--- Task statement ---
Restrict the output to the lines below starting at the one that contains "Principais características: fecho" and ending at the one that contains "武官團觀看了駐軍的軍事科目演示。中新社發(fā) 張勤 攝", and restate them word for word, both ends included.

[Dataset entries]
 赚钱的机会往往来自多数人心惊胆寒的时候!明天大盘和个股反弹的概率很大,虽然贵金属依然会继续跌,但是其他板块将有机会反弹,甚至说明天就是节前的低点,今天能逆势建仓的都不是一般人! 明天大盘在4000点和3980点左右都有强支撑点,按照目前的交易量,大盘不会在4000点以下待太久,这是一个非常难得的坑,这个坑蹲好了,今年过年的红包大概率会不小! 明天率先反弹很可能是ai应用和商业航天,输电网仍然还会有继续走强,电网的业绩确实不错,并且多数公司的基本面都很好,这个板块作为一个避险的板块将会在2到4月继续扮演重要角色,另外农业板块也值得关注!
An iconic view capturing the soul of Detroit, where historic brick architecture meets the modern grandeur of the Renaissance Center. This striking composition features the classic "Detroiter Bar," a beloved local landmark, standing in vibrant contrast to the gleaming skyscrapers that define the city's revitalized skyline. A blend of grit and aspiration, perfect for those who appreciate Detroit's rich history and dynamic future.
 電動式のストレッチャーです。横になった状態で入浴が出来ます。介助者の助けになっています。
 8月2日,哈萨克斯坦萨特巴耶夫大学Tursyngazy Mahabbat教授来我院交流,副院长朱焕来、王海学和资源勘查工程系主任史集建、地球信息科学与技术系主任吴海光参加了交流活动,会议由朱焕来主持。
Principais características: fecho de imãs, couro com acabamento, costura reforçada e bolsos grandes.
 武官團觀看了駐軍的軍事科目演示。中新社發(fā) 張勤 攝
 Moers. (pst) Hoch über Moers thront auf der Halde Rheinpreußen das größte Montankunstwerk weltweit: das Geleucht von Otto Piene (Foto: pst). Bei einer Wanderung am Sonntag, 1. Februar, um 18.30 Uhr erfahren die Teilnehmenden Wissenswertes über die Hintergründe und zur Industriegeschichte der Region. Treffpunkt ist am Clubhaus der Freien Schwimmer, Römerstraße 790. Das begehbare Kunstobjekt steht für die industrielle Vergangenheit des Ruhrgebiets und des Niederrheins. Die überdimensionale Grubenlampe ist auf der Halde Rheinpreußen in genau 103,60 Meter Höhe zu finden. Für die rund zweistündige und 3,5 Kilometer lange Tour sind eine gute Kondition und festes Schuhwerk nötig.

--- Response to the exercise ---
Principais características: fecho de imãs, couro com acabamento, costura reforçada e bolsos grandes.
 武官團觀看了駐軍的軍事科目演示。中新社發(fā) 張勤 攝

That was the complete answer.